A ESPIRITUALIDADE BOLSONARISTA NAS IGREJAS EVANGÉLICAS

Anos atrás, bem antes das igrejas evangélicas conservadoras conhecerem Bolsonaro e apoiá-lo, seus pastores já pregavam uma mensagem fundamentalista, que em seu conteúdo exaltavam o ódio, a divisão e a exclusão dos que se atravessem a pensar diferente da caixinha. Antes de Bolsonaro, a igreja evangélica já criava seus inimigos. Em nome dos "bons costumes" do zelo da doutrina e defesa da família tradicional, os pastores ensinavam a intolerância religiosa e a exclusão dos homossexuais, apresentavam um deus irado, vingativo e violento, que castigava cruelmente os marginalizados, desobedientes pecadores rebeldes.
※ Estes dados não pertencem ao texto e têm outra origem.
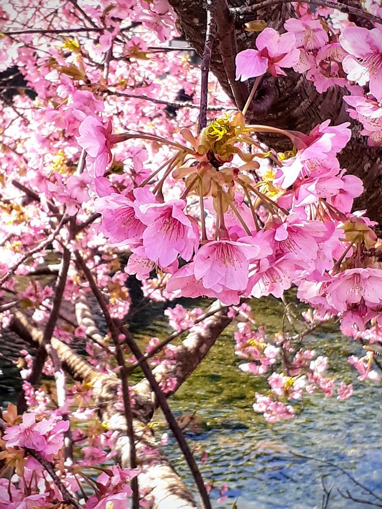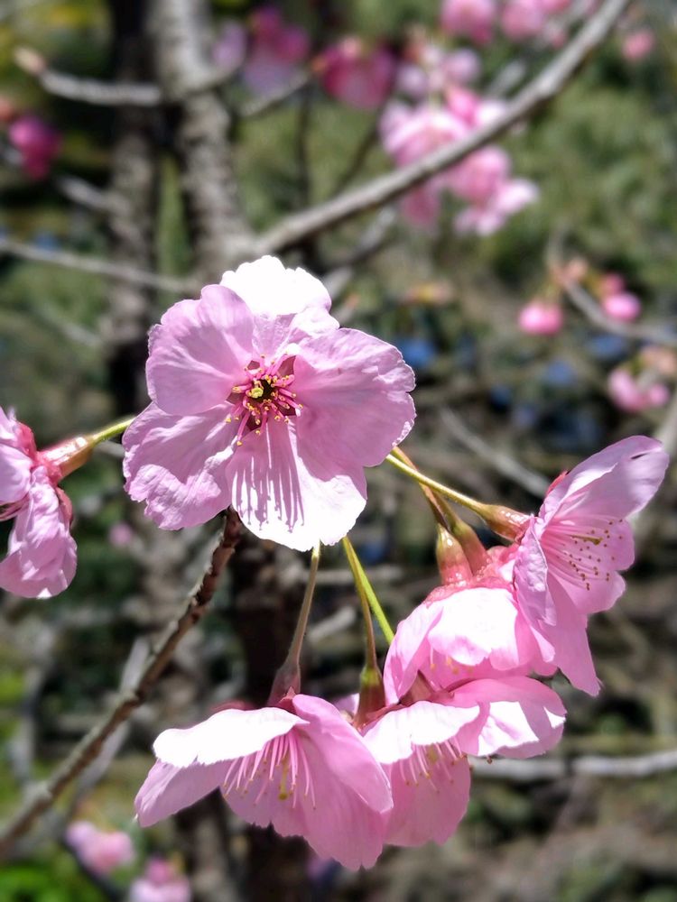 桜の開花時期がもう少し早いと河津桜の良さが表現できるとおもいます。雄蕊・花弁が赤身を帯びて開花して時間が経過している事を表しています。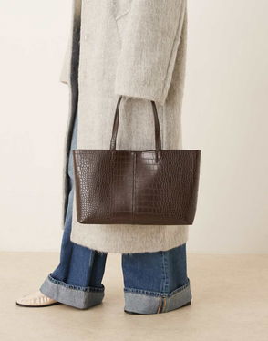 Faux Leather Rectangle Shoulder Bag In Dark Brown

Por isso, a história registra um número assustador de exclusões e divisões, sobretudo na maioria das igrejas históricas com suas alienantes interpretações da bíblia que exaltam a letra e os rigores da lei em detrimento da misericórdia e do perdão. Assim seguiu também muitos pentecostais e neopentecostais com seus "coronéis do templo". Estes seguimentos através da história da igreja brasileira até hoje se consideram únicos, (forte marca do fundamentalismo), extremamente fechados para o diálogo com outros seguimentos religiosos e não medem esforços para a manutenção de uma espiritualidade superior e individualista, se sobrepondo a outros caminhos de novos diálogos, diversidade e fé.

A falsa mensagem de Bolsonaro anunciando uma política de combate à corrupção, exterminação da esquerda e a suposta valorização da família tradicional brasileira atraiu a massa "evangélica puritana", que em sua hipocrisia sempre se apresentou como mais santa, pura, em um patamar de "semideuses" reivindicando uma exclusividade como únicos "separados de Deus. " Contudo ao mesmo tempo que se intitulam os "santos de Deus", descaradamente propagam o ódio, a divisão e a opressão aos seus opositores, que no caso, são as minorias de senso crítico, que lutam por democracia, igualdade e justiça, que não se dobram nem a Bolsonaro nem ao sistema religioso que apoia suas perversidades.

Foi nesse contexto de extremo conservadorismo que Bolsonaro mergulhou fundo e encontrou forte apoio das igrejas evangélicas nas eleições de 2018. Seu discurso violento e ultraconservador encontrou um lugar de terreno fértil para apoiar suas ideias fascistas em meio à espiritualidade alienante dos evangélicos, sobretudo nas grandes Igrejas, mas também em pequenas congregações de linha histórica e pentecostal, afinal, essas Igrejas se alinham em um forte elemento do fascismo, que é a arrogância de se considerar único.

Hoje, grande parte das igrejas evangélicas vivem uma espiritualidade bolsonarista, marcada pela arrogância, mentira, opressões e divisão. Chamamos de bolsonarista, não porque veio de Bolsonaro, mas pelo fato do mesmo ter encontrado na espiritualidade dessas igrejas, lugar de apoio para suas ideias maléficas. Foi fermento na massa que inflou, azedou e consequentemente apodreceu.

Contudo diante de um contexto de exclusões, preconceitos e apego ao poder, é possível construir novos caminhos. Caminhos de compaixão, solidariedade, liberdade e justiça, cheios de renovo, coragem e esperança.